XPath (XML Path Language) defines a query language for precisely addressing the individual entities in the structure of an XML document in order to refer to elements, text data, attributes, and other elements. XPath is part of the Extensible Stylesheet Language (XSL), which is responsible for formatting XML documents. XPath was already standardized by the World Wide Web Consortium (W3C) in 1999 in a version 1.0. In 2007, version 2.0 was published, the most important extension of which is a modified data model. Furthermore, an extended function library, new data types and operators as well as additional constructs for expressions are supported. The basis of XPath is a tree structure, which represents the information units contained in an XML document. The tree reads as a family tree, as is common in computer science - the root is at the top and the tree branches downward. XPath is also used as the basis for other standards such as XPointer, XQuery, and XSLT.

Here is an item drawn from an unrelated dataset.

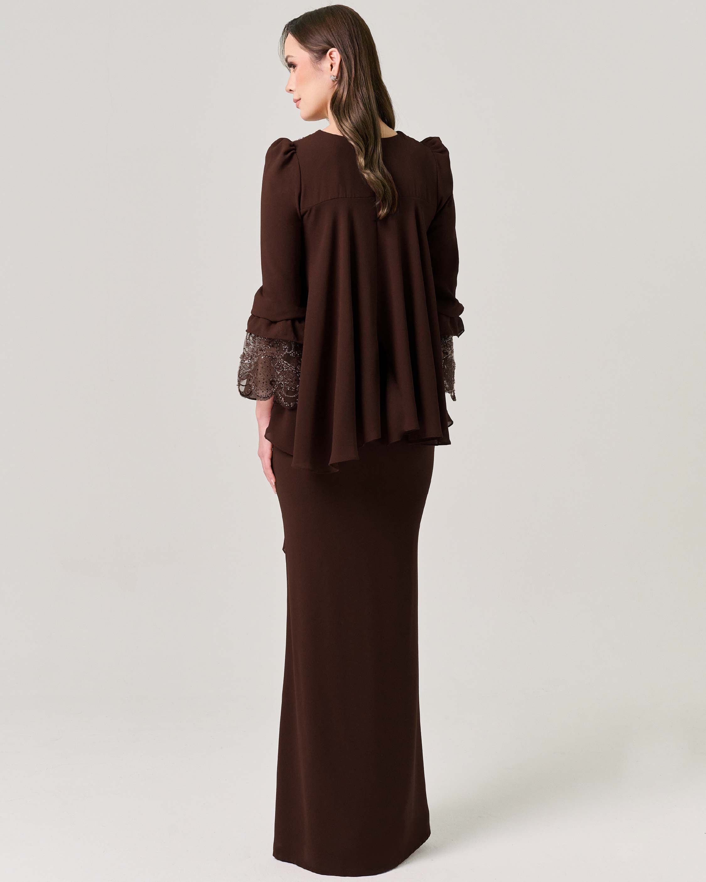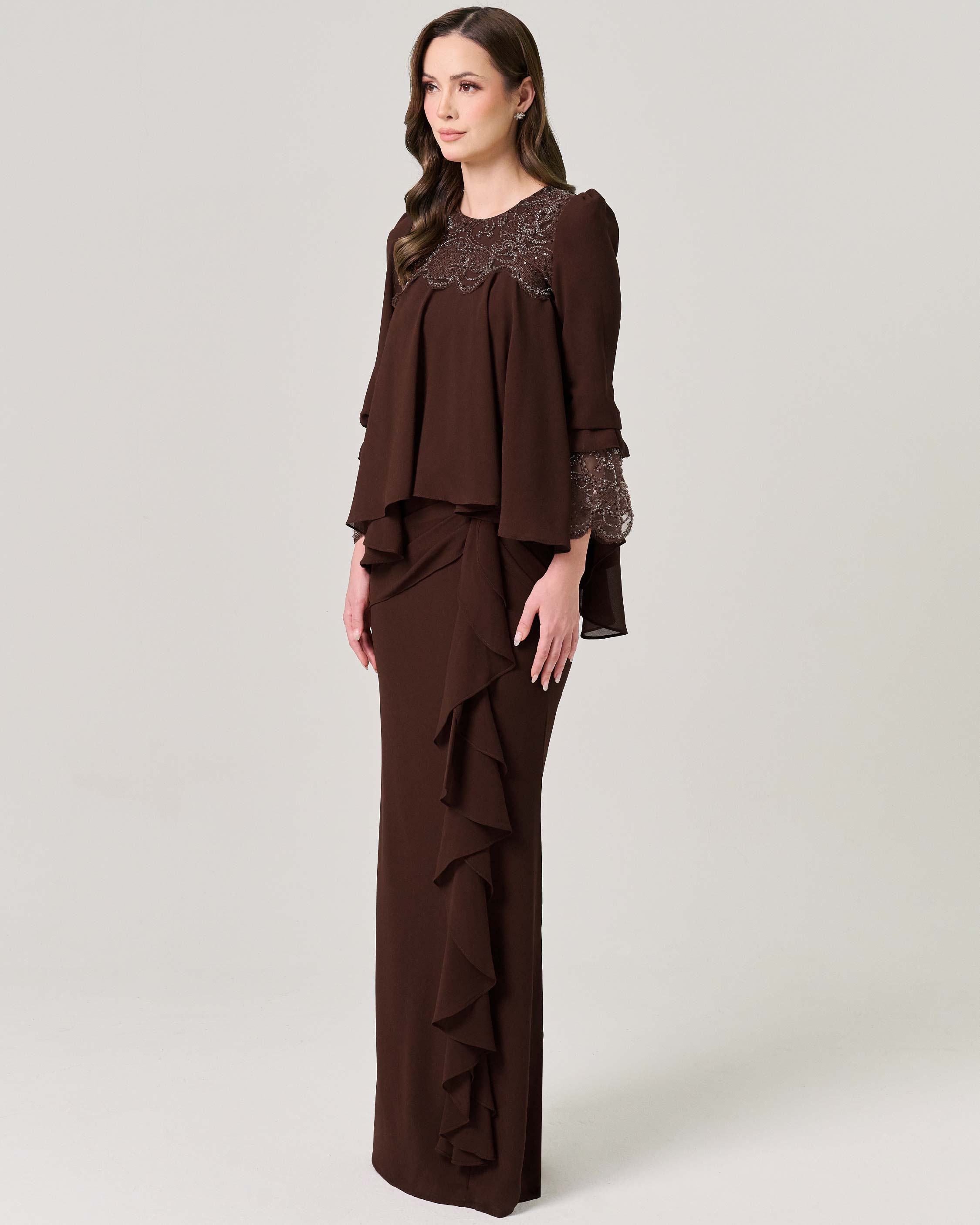- Bell sleeve with flare beaded lace of finishing

Analysis Tool for XML DocumentsIn order to be able to address and analyze parts of an XML document, a special query language was defined in addition to XML with XPath. XPath itself is not an XML application but a language of its own whose syntax supports the formation of strings, which in turn are used to address substructures in documents. The tree model used by XPath - the node tree - is similar to the DOM model, but is by no means identical to it. The node tree defines only an isolated view of a document, and is not, as in the DOM model, a set of objects with methods and properties that are made available to an application. In this context, one also speaks of a tree model with behaviorless nodes.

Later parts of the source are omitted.